I have been on such a streak of good books that it is getting harder to stop and write reviews. I am now 4 reviews behind, and the second installment in the Murderbot Diaries is jumping ahead of Hunger, Kindred, The Hate U Give and Ancillary Sword. I have all those reviews started. I just need to stop reading long enough to write them.
I adored the first Murderbot Diaries, All Systems Red. I felt like I had never identified more with a fictional character. Murderbot wants to be left alone to watch their shows. Murderbot is a construct, a combination of cloned organic tissue, robot parts and artificial intelligence. A side effect of making constructs smart enough to operate without human oversight, is that they can become depressed and anxious.
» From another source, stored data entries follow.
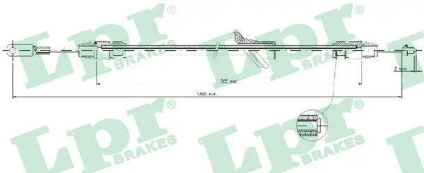 Трос стояночного гальма передн/середн (1465мм/365мм) VW CRAFTER 30-35, CRAFTER 30-50 2.5D 04.06-05.13 LPR C0140B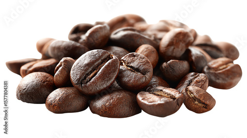 Naklejka premium A close-up of rich, dark brown coffee beans on a white isolated background.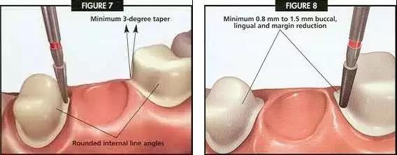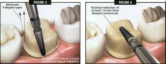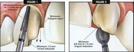 对于后牙区的修毛毛虫体必须为饰面瓷预留出最小1.0mm的咬颌面瓷层厚度。基底冠的厚度最少为0.4mm,因此咬颌面应该磨除1.5mm。相对的轴面聚合角度应6-8°,轴壁与咬颌面的连接处应圆钝。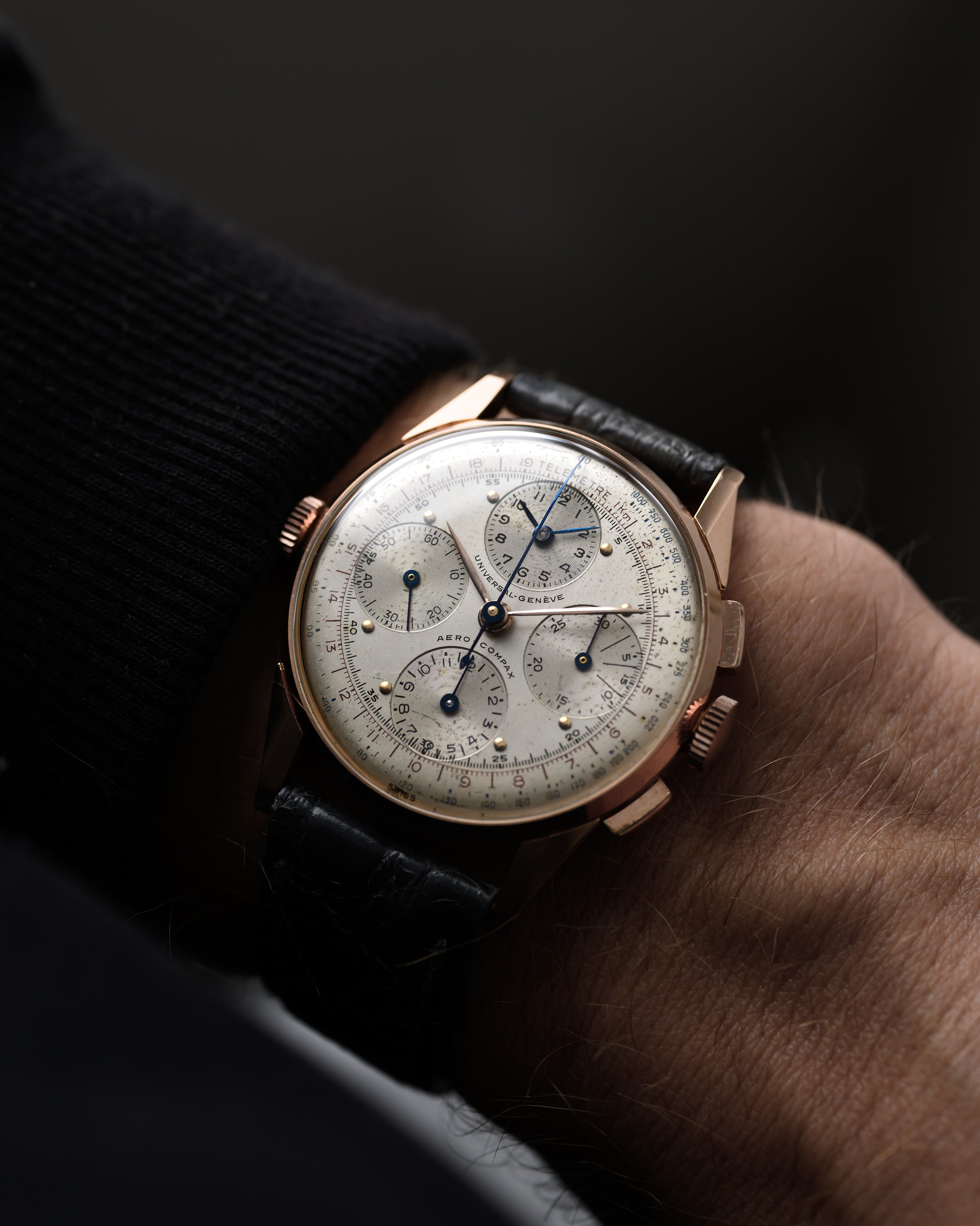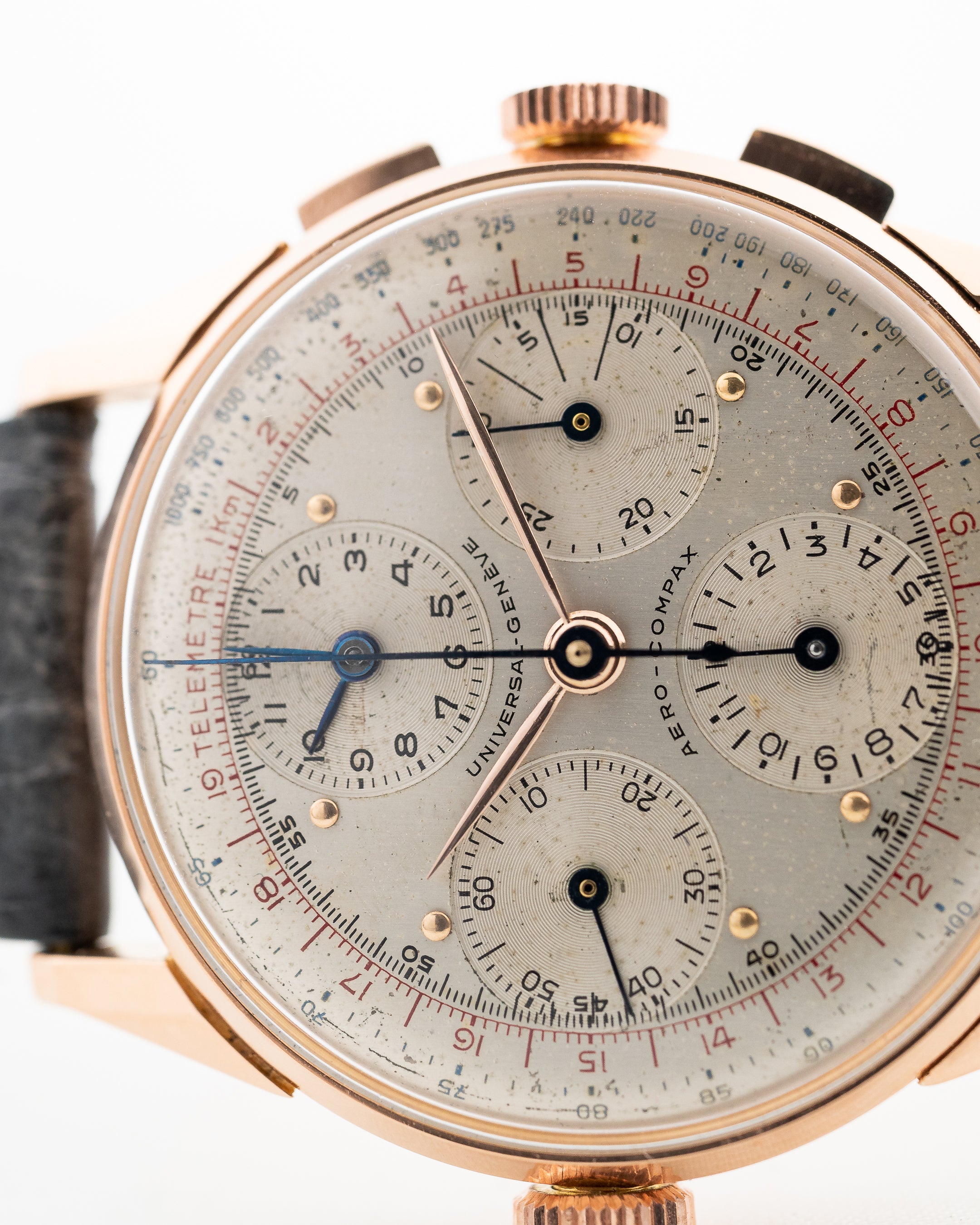 Die Universal Geneve Aero-Compax ist ganz einfach eine der begehrtesten und sammelwürdigsten Uhren auf dem heutigen Vintage-Markt. Unsere Version mit der Referenz 12508 aus dem Jahr 1945 ist nicht nur ein großartiges Beispiel für dieses Modell - sie ist auch ein großartiger Beweis dafür, warum die Aero-Compax so begehrt ist.

Murderbot anesthetizes their depression and anxiety with the shows it has downloaded, particularly Sanctuary Moon.
In this installment, Murderbot is trying to get to the planet where they had malfunctioned and murdered their clients. Along the way, they meet up with a sarcastic transport ship, a small band of new clients, and a murderous sexbot. The transport ship earns the name ART – Asshole Research Transport. Murderbot introduces them to binge watching.
“It’s not realistic,” I told it. “It’s not supposed to be realistic. It’s a story, not a documentary. If you complain about that, I’ll stop watching.”
I will refrain from complaint, it said. (Imagine that in the most sarcastic tone you can, and you’ll have some idea of how it sounded.)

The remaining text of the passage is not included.